Northport Offers to Match Up to $100,000 for 4 Private Facade Upgrade Projects
The city of Northport is looking for potential partners and proposed projects to fund with four facade improvement grants of up to $100,000 each.
City leaders have been committed to working with existing businesses to make their properties look better, issuing more than $340,000 in "Northport First" sales tax money in 2021 for facade improvements. On Monday night, attorney Jay Stuck said the program will return, with some fine-tuning since the last offering.
Now, the city is looking for four bigger-than-ever projects to help fund with 50/50 grants.
Ideally, they'll give four partners $100,000 each and in return see at least $800,000 in major facade improvements around the city. The terms of the grant program identify areas that are "visible from the public rights of way Highway 69 North and South corridors from the Lurleen Wallace Blvd N and S bridges to the intersection of Highway 82 and the Highway 82 commercial corridor from the Eastern City limits to the intersection of Highway 82 and
Highway 43" as priority targets, though the funds will not necessarily be limited to projects in those areas.

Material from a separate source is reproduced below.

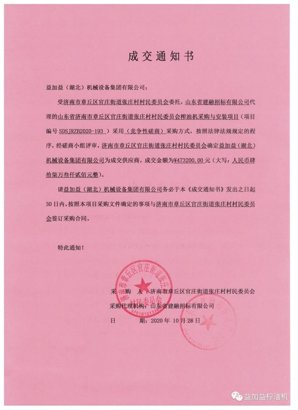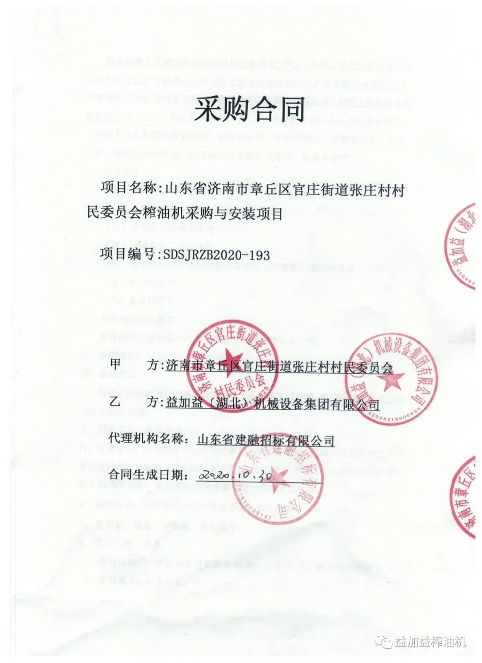 最近、益加益集团在山东省济南市章丘区榨油机采购与安装招标项目的竞标中,凭借过硬的产品质量,优秀的新技术,卓越的新工艺,新材料的应用以及良好的企业信誉,以绝对优势顺利中标。

Developers can apply for the grants as of Monday, and that window will close on Thanksgiving - November, 28th, 2024.
The final awards will be granted by the Northport Redevelopment Authority board consisting of chairman Steve Steele, vice chair Jaime Conger and members Kevin Almond, Jheovanny Gomez, Kayla Welch Griffin, Bruce Higginbotham and Ricky Sherrod.
The city expects the application process to be highly competitive. Developers should be prepared to submit "drawings, plans, timelines, current use and condition of the site and surrounding areas, information explaining the impact of the project on the surrounding areas, detailed estimates of the improvements, letter indicating agreement of property owner and/or lessee, and any other information the applicant believes will place their application in the most favorable position."
"I've had more people call me about this without it being in the public arena necessarily than I've ever had anything. People are interested in this," Stuck said. "I had a local developer tell me two weeks ago that this is the difference between making a project work and not."
Developers will also be required to disclose even minor conflicts of interest with any board members or city officials and make a case for the feasibility of their proposals.
Top submissions will be invited for in-person presentation before the board chooses the four grant recipients, and Stuck said because the Northport First funds come from sales tax and are reliably returning, another four projects could be funded next year, too.